PROBLEM DESCRIPTION: The material below includes pictures; leave them out and return only the lines between the line containing "A papa Nutribén®" and the line containing "原料:面条(生)150克、盐", inclusive, word for word.

AVAILABLE RECORDS:

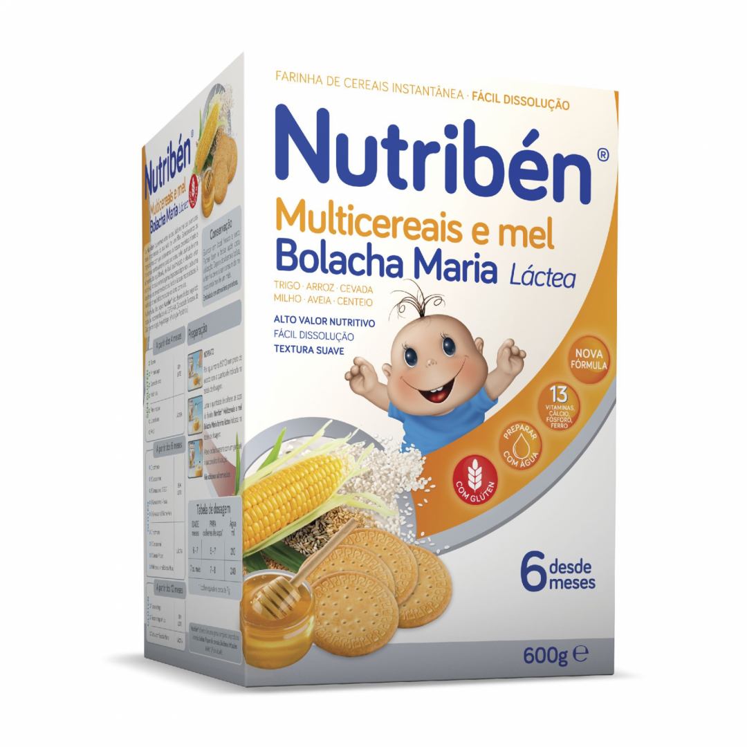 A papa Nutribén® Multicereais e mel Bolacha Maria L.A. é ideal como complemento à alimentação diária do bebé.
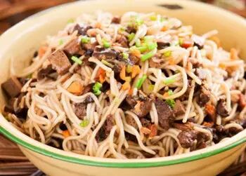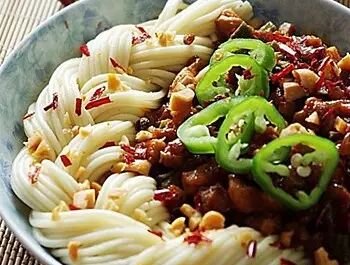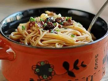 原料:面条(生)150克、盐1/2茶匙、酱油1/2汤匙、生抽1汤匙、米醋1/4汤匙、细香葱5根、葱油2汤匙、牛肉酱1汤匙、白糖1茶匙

...

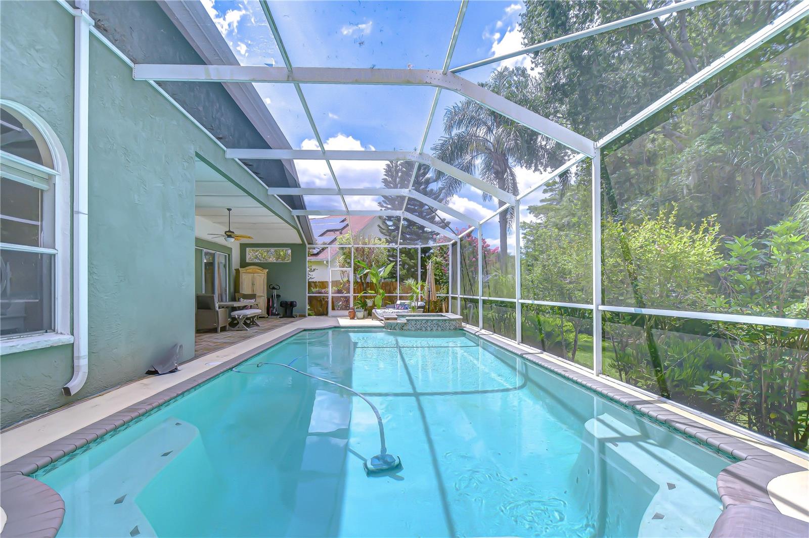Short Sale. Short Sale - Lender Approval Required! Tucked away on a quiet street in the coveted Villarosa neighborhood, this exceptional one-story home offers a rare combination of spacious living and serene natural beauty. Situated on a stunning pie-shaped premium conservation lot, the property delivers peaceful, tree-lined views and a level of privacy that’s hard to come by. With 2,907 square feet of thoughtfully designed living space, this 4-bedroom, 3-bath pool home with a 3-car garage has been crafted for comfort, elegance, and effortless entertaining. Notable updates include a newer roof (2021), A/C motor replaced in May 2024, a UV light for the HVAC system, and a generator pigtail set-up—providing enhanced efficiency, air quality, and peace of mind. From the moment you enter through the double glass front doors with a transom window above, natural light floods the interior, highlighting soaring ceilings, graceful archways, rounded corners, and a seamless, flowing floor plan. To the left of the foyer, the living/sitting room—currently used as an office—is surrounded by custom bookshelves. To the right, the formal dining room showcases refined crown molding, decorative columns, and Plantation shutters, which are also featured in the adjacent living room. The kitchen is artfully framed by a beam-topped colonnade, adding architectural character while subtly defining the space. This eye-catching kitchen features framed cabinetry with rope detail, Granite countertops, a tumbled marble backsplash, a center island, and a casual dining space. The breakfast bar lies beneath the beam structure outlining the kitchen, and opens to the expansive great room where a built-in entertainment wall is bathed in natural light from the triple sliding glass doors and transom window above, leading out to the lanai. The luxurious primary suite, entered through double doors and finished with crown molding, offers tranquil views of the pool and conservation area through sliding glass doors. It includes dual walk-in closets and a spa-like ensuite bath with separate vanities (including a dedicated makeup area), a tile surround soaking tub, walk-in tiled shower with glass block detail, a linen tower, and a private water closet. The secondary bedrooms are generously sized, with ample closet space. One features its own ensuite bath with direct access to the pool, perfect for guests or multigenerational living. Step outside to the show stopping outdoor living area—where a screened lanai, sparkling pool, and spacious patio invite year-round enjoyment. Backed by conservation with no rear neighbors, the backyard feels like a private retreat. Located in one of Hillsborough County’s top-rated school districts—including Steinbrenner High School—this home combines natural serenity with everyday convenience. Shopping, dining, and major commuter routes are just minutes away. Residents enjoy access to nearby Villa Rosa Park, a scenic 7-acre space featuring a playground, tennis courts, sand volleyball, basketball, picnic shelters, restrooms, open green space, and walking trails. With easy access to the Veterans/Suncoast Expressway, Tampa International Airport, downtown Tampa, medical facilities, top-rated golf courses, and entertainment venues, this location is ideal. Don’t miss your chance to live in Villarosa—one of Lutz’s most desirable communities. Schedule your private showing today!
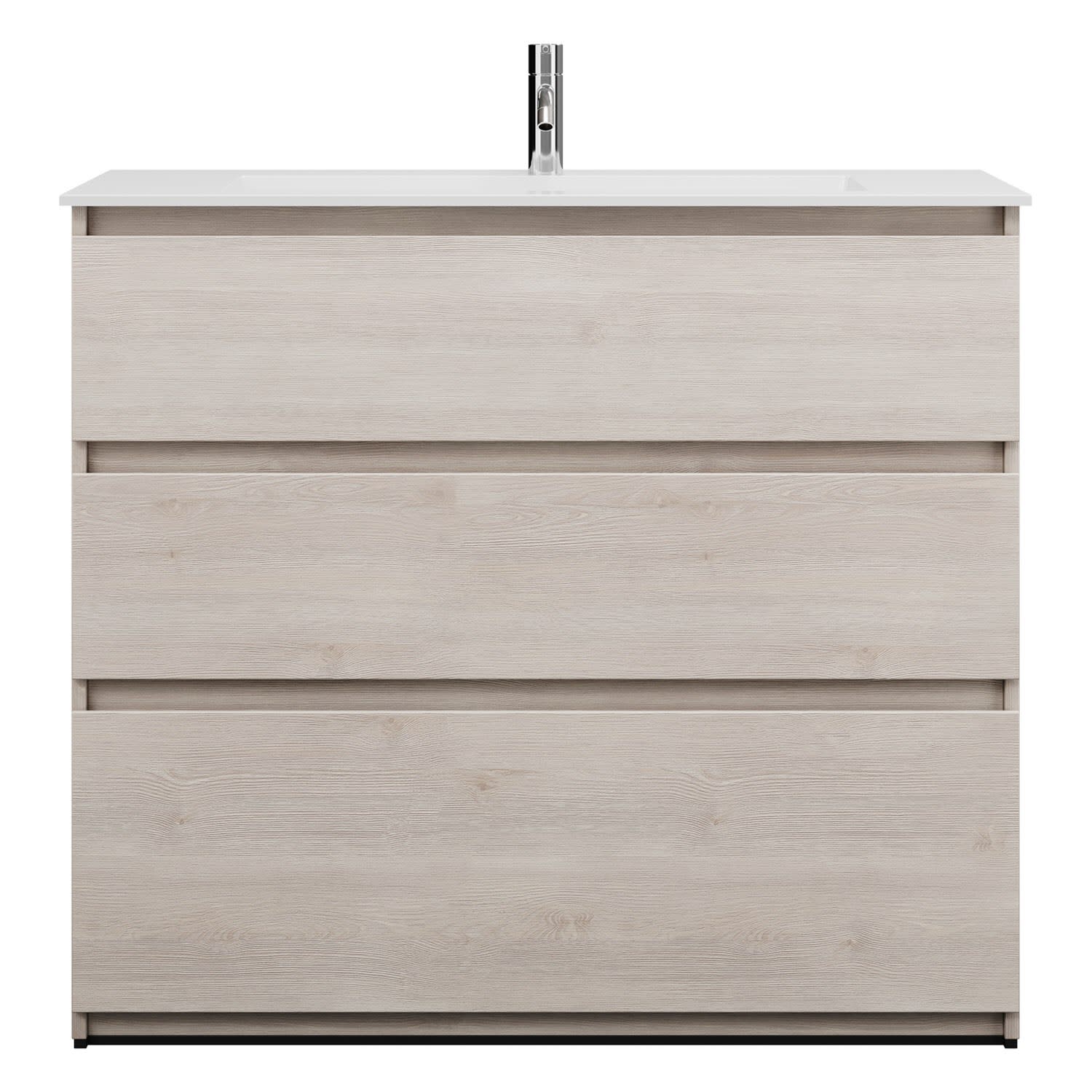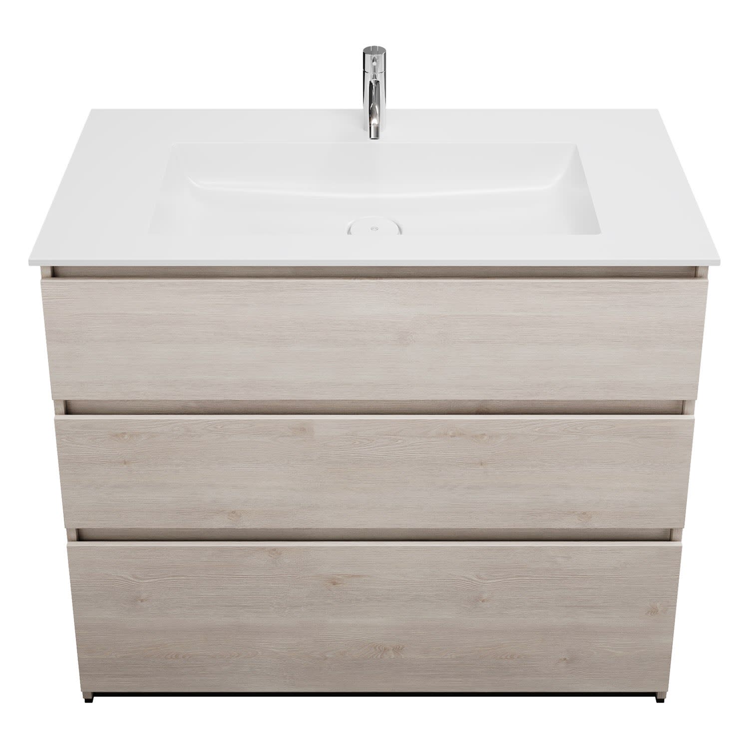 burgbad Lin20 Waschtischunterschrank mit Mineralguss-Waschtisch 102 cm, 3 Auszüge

==

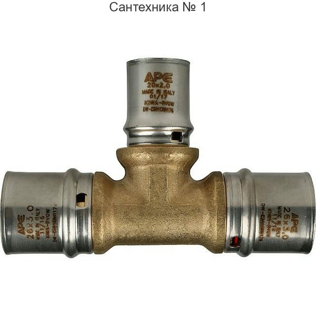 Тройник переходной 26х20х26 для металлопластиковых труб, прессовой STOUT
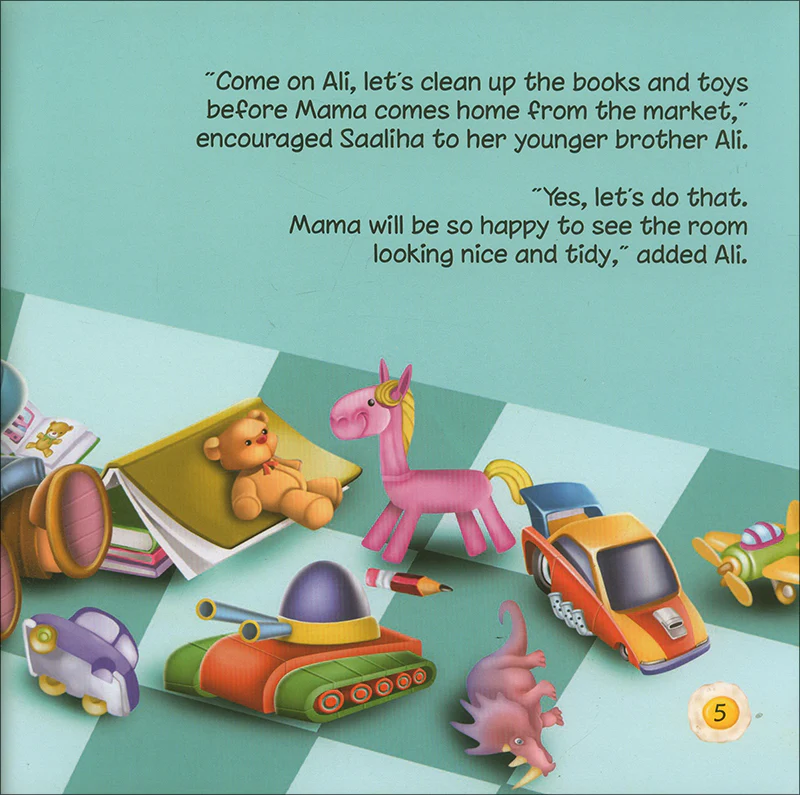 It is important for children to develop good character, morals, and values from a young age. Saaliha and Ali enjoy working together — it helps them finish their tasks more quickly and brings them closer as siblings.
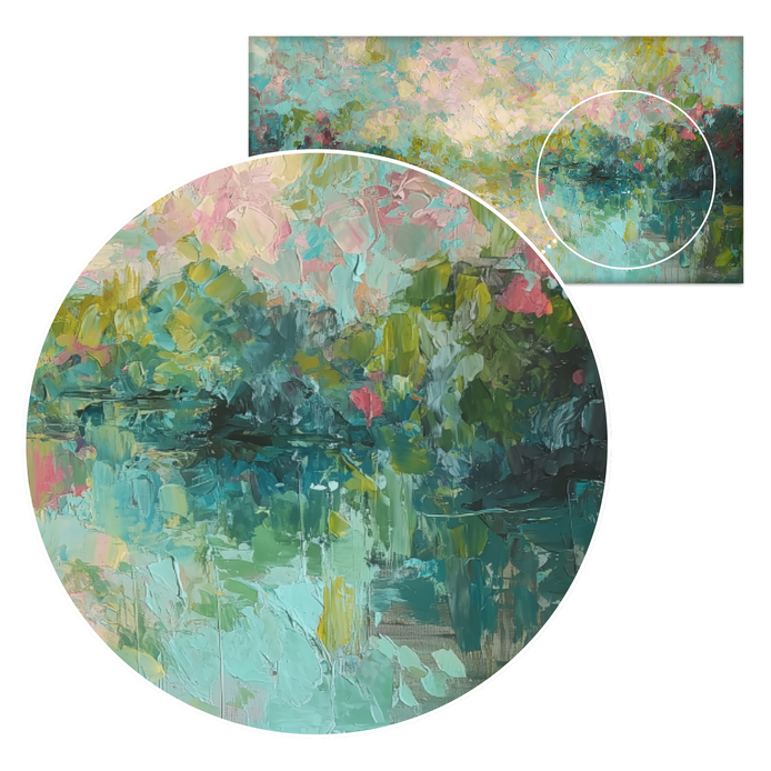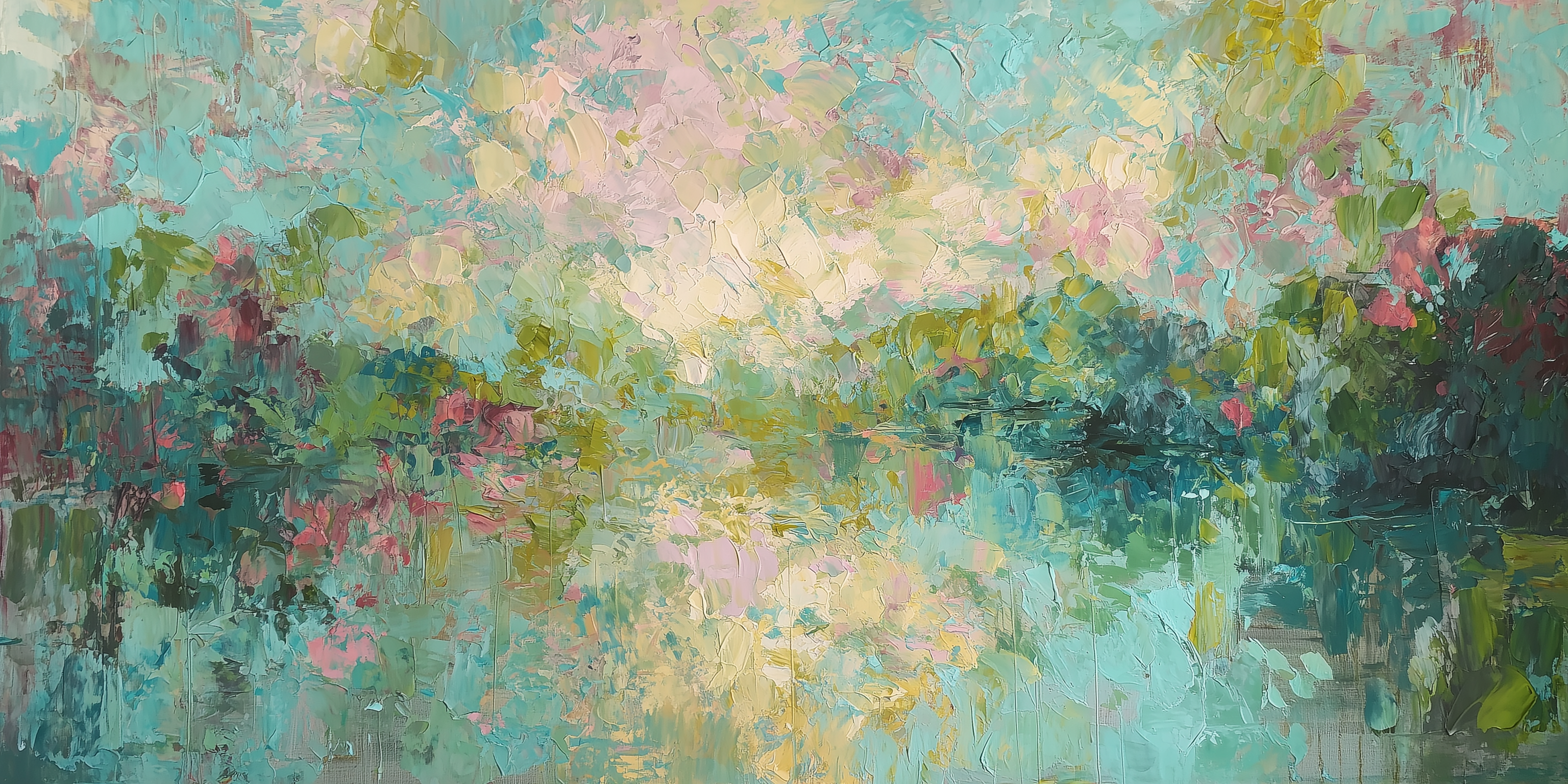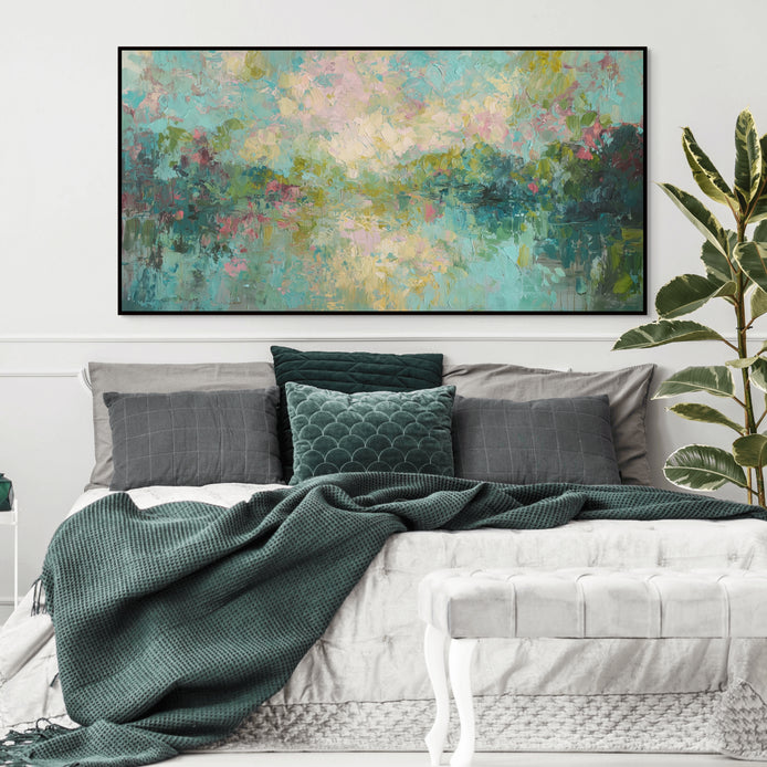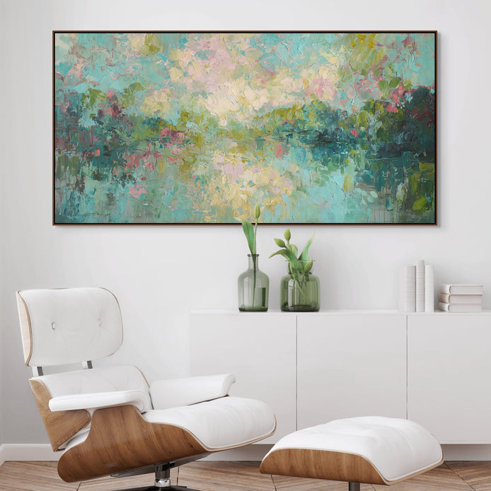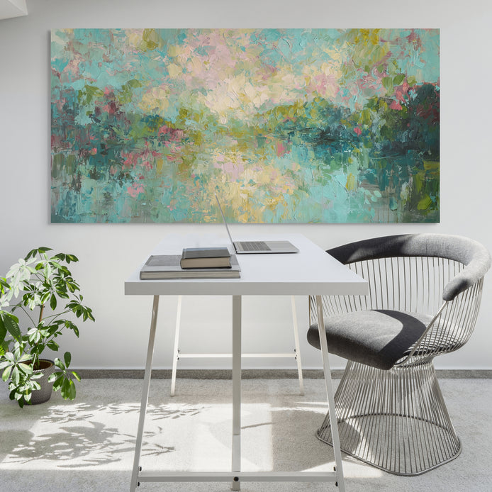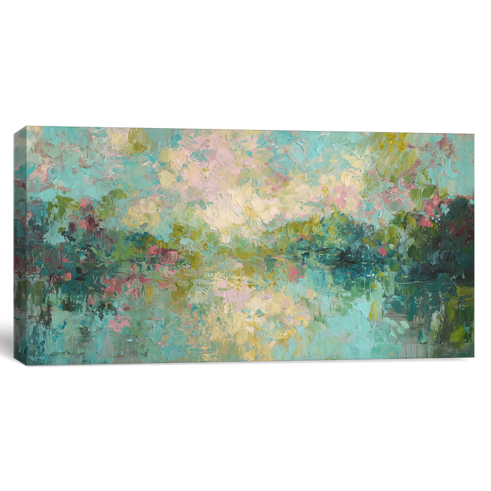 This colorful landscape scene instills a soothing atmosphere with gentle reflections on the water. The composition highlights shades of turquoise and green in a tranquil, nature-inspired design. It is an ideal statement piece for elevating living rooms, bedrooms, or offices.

RESULT OF THE EXERCISE:
 A papa Nutribén® Multicereais e mel Bolacha Maria L.A. é ideal como complemento à alimentação diária do bebé.
 原料:面条(生)150克、盐1/2茶匙、酱油1/2汤匙、生抽1汤匙、米醋1/4汤匙、细香葱5根、葱油2汤匙、牛肉酱1汤匙、白糖1茶匙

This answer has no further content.